Jefferson City School District lawsuit case delayed

The trial in a former Jefferson City School District employee's lawsuit against the district has been delayed for attorneys to add new claims to the suit.

Former technology coordinator Tammy Ferry is suing JCSD Superintendent Larry Linthacum and Director of Technology Joe Martin, her former supervisor, alleging retaliation, sex discrimination and a hostile work environment, according to court documents. Ferry filed the lawsuit in April 2017.

The previous trial date of Nov. 12 and a pre-trial conference scheduled for Oct. 15 have been taken off the docket so Ferry's attorney, Dennis Egan, can file new claims concerning her being fired from her employment with the district, Egan said.

"This raises new claims of retaliation, wrongful discharge for retaliation, defamation and the like," Egan said. "We need to file those, and we wouldn't be able to make it before trial."

Judge John Beger, of the 25th Judicial Circuit, will discuss a new trial date via telephone conference Dec. 16, according to court documents. The trial will remain in Cole County, Egan said.

The JCSD Board of Education fired Ferry in July, having concluded she had willingly and persistently violated several board policies on staff conduct, technology usage, and data governance and security - and violated federal privacy law regarding students - when she copied and transferred her district work account files to a personal email account in January.

In August, Ferry appealed the school board's decision to fire her. The appeal argued there was no evidence Ferry had disclosed any confidential student data to anyone or that she had willfully or persistently violated school board policy.

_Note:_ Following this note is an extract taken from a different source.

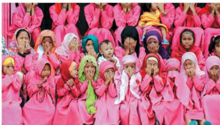
Φωτογραφία αρχείου με παιδιά που προσεύχονται έξω από το ροζ τζαμί στο Νταού Σαούντι Αμπατουάν των Φιλιππίνων.

Σε όλο τον κόσμο καταβάλλονται titάνιες προσπάθειες από την επιστημονική κοινότητα προκειμένου να διευκολυνθούν η διάγνωση, η πρόληψη και η θεραπεία ασθενών με COVID-19. Αμερικαν

Ferry claimed she had copied and transferred her work account files because she wanted to be sure she would have them available for the upcoming trial in her employment discrimination lawsuit - as well as to have a record of her work for future employment opportunities.

JCSD asked the local court to dismiss Ferry's lawsuit against the district on the grounds her transfer of files containing student information to a personal account had violated court procedures on collecting evidence for a trial.

The district's attorney, Ryan Bertels, declined to comment Wednesday.